Work order: From the first line of the data below through the line holding "Descripción del producto: Escribe", output each line exactly and leave the pictures out.

Collected data:
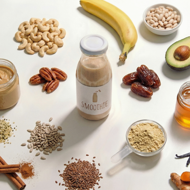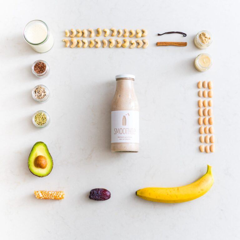 Huisgemaakte cashewmelk, Banaan, Witte bonen, Avocado, Dadel, Cashewpasta, Honing, Erwt eiwitpoeder, Sesampasta, Zonnebloempitten, Hennepzaad, Lijnzaad, Vanille, Kaneel
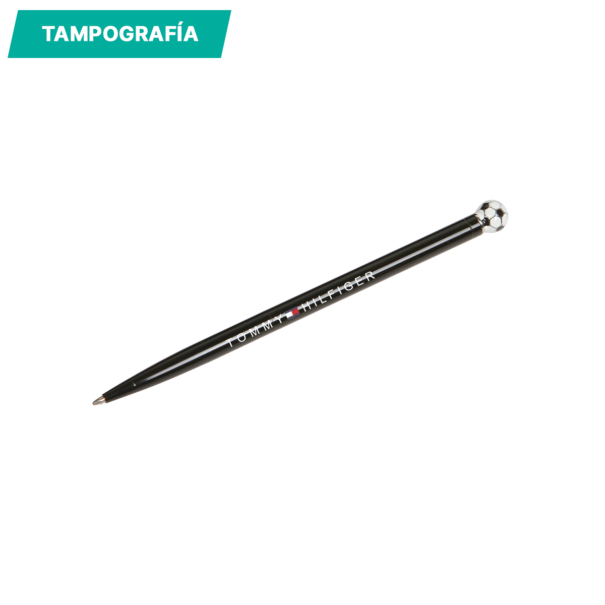 Descripción del producto: Escribe con estilo y precisión gracias a este bolígrafo de acción de giro, con barril fabricado en aluminio resistente y ligero para una experiencia cómoda y duradera. Su acabado en laca le brinda un aspecto brillante, elegante y sofisticado. Diseñado para ofrecer un mecanismo suave y fiable, este bolígrafo combina funcionalidad y estética, convirtiéndose en un accesorio indispensable para profesionales y amantes de la escritura y del futbol, ya que incluye en la parte superior un adorno con forma de balón de futbol, ideal para los amantes de este deporte. |
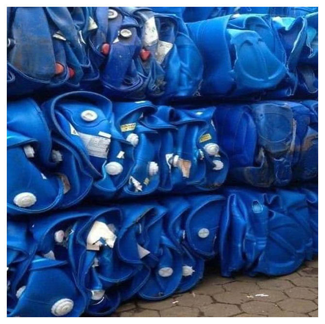 Residuos de bidones de HDPE usados, aptos para moldeo por inyección de extrusión e industrias de producción secundaria de plástico.

Solution:
 Huisgemaakte cashewmelk, Banaan, Witte bonen, Avocado, Dadel, Cashewpasta, Honing, Erwt eiwitpoeder, Sesampasta, Zonnebloempitten, Hennepzaad, Lijnzaad, Vanille, Kaneel
 Descripción del producto: Escribe con estilo y precisión gracias a este bolígrafo de acción de giro, con barril fabricado en aluminio resistente y ligero para una experiencia cómoda y duradera. Su acabado en laca le brinda un aspecto brillante, elegante y sofisticado. Diseñado para ofrecer un mecanismo suave y fiable, este bolígrafo combina funcionalidad y estética, convirtiéndose en un accesorio indispensable para profesionales y amantes de la escritura y del futbol, ya que incluye en la parte superior un adorno con forma de balón de futbol, ideal para los amantes de este deporte. |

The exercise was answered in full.